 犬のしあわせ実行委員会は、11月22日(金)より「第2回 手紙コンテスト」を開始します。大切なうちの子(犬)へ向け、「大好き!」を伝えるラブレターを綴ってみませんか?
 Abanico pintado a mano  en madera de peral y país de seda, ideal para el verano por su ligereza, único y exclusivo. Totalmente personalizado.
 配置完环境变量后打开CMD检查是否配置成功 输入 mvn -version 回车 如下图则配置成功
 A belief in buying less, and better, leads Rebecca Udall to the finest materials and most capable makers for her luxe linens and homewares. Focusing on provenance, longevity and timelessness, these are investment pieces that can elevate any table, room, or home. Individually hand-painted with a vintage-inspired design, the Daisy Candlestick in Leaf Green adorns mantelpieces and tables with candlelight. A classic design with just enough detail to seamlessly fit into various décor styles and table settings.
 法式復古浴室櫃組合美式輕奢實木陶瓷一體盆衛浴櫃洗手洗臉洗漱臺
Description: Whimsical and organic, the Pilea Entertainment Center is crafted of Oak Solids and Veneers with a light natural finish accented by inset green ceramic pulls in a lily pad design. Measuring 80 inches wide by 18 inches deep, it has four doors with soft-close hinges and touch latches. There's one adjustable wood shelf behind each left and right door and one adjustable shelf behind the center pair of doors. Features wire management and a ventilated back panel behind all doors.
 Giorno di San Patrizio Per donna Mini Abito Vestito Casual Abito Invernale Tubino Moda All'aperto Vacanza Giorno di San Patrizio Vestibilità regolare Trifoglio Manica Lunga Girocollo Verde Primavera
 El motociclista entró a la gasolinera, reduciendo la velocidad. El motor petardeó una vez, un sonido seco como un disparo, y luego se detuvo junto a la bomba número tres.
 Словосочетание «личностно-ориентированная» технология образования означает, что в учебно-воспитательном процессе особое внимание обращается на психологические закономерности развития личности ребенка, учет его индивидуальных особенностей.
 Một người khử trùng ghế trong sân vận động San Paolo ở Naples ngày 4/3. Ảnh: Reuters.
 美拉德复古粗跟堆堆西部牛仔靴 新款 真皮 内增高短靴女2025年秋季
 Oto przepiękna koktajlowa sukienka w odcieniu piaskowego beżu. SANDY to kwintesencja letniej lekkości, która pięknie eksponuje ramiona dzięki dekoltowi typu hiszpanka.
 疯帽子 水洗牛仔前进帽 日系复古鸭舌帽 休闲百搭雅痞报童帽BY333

[PROMPT]
Repeat all of the data exactly.

[ANSWER FOR THE TASK]
 犬のしあわせ実行委員会は、11月22日(金)より「第2回 手紙コンテスト」を開始します。大切なうちの子(犬)へ向け、「大好き!」を伝えるラブレターを綴ってみませんか?
 Abanico pintado a mano  en madera de peral y país de seda, ideal para el verano por su ligereza, único y exclusivo. Totalmente personalizado.
 配置完环境变量后打开CMD检查是否配置成功 输入 mvn -version 回车 如下图则配置成功
 A belief in buying less, and better, leads Rebecca Udall to the finest materials and most capable makers for her luxe linens and homewares. Focusing on provenance, longevity and timelessness, these are investment pieces that can elevate any table, room, or home. Individually hand-painted with a vintage-inspired design, the Daisy Candlestick in Leaf Green adorns mantelpieces and tables with candlelight. A classic design with just enough detail to seamlessly fit into various décor styles and table settings.
 法式復古浴室櫃組合美式輕奢實木陶瓷一體盆衛浴櫃洗手洗臉洗漱臺
Description: Whimsical and organic, the Pilea Entertainment Center is crafted of Oak Solids and Veneers with a light natural finish accented by inset green ceramic pulls in a lily pad design. Measuring 80 inches wide by 18 inches deep, it has four doors with soft-close hinges and touch latches. There's one adjustable wood shelf behind each left and right door and one adjustable shelf behind the center pair of doors. Features wire management and a ventilated back panel behind all doors.
 Giorno di San Patrizio Per donna Mini Abito Vestito Casual Abito Invernale Tubino Moda All'aperto Vacanza Giorno di San Patrizio Vestibilità regolare Trifoglio Manica Lunga Girocollo Verde Primavera
 El motociclista entró a la gasolinera, reduciendo la velocidad. El motor petardeó una vez, un sonido seco como un disparo, y luego se detuvo junto a la bomba número tres.
 Словосочетание «личностно-ориентированная» технология образования означает, что в учебно-воспитательном процессе особое внимание обращается на психологические закономерности развития личности ребенка, учет его индивидуальных особенностей.
 Một người khử trùng ghế trong sân vận động San Paolo ở Naples ngày 4/3. Ảnh: Reuters.
 美拉德复古粗跟堆堆西部牛仔靴 新款 真皮 内增高短靴女2025年秋季
 Oto przepiękna koktajlowa sukienka w odcieniu piaskowego beżu. SANDY to kwintesencja letniej lekkości, która pięknie eksponuje ramiona dzięki dekoltowi typu hiszpanka.
 疯帽子 水洗牛仔前进帽 日系复古鸭舌帽 休闲百搭雅痞报童帽BY333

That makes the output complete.